Gdy już otworzyłem drzwi do sali zobaczyłem Zayna jak siedzi przy Melci.
- Hey Mendes. Jak tam?- zapytał nadal patrząc się na moją narzeczoną.
-Ta doba będzie decydująca.-wyszeptałem.
- Wyjdzie z tego. Melania jest bardzo silna.
-Wiem. Wierze w nią. - przerwałem na chwilę.- Bez niej... Wole nie myśleć co by było bez niej.- przyznałem siadając po jej drugiej stronie.
- Jak się wybudzi to postaram się jej załatwić opiekę w domu żeby była cały czas przy tobie. Chcę dla niej jak najlepiej.
- Dzięki stary.
-Hey.Jestem od ciebie straszy.- oburzył się Malik.
- W którym miejscu. - prychnąłem.
- W każdym. Mam 30 lat a ty tylko 25. - Kurwa. Serio to on wygląda 5 lat młodziej ode mnie a nie starzej.
- Niech ci będzie.- mruknąłem.
Chwilę jeszcze posiedzieliśmy gadając o całym dzisiejszym ranku, a potem Zayn wyszedł, bo musiał iść coś załatwić z chłopakami.
Ja za to przekonałem pielęgniarki żebym mógł zostać na noc. Nie wyobrażałem sobie żebym mógł być teraz w domu.
***
Spojrzałem na zegarek i zauważyłem, że jest już grubo po 23. Ułożyłem się wygodniej na krześle i ścisnąłem lekko rękę Mel. Już miałem zamknąć oczy ale poczułem lekki uścisk na dłoni. Szybko poprawiłem się na krześle i zobaczyłem jak Mel leciutko mruga powiekami. Chwilę potem z wielkim trudem je otworzyła. Mojego szczęścia nie dało się opisać.
- Cii królewno. Kocham cię. Cieszę się jak cholera, ale odpoczywaj teraz. Jutro pogadamy słońce. Śpij mycho. kocham cię, tak bardzo cię kocham myszko. - szeptałem z wielkim wyszczerzem na ustach. Odetchnąłem z ulgą. Ona żyje. Kurwa. Jestem teraz najszczęśliwszym człowiekiem na ziemi.
- Też cię kocham Shawney.- cichutko wyszeptała a ja mało nie dostałem palpitacji serca ze szczęścia.

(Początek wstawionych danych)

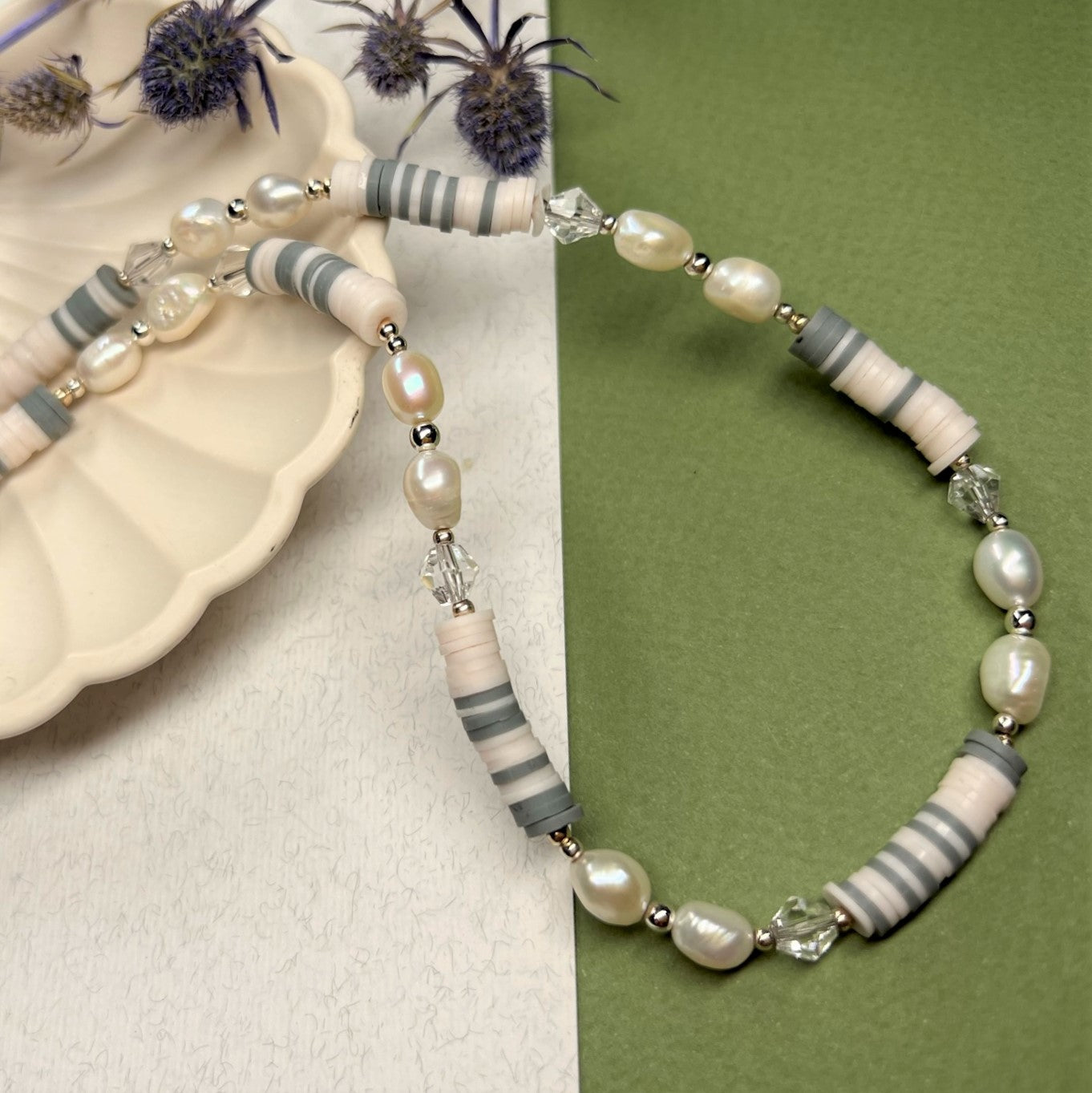 Švelnių spalvų polimerinio molio vėrinys, kuris tiks prie visko.

__________________________________
Ugh...znów krótki.. przepraszam..
Mam zbyt dużo nauki.. Ale oceny nie najgorsze..
Do następnego ❤⭐⭐
CZYTASZ
Lost in her heart | S.M ✅
FanfictionDruga część trylogii "Lost" "-Mel. Tęskniłem. Nawet nie wiesz jak. Szukałem cię. - Wiem, ja też Shawn .-dał mi małą karteczkę i odszedł." Odnaleźli się w momencie najgorszego momentu ich żyć. Łączy ich coś. Tym cosiem jest miłość, pojęcie niedefini...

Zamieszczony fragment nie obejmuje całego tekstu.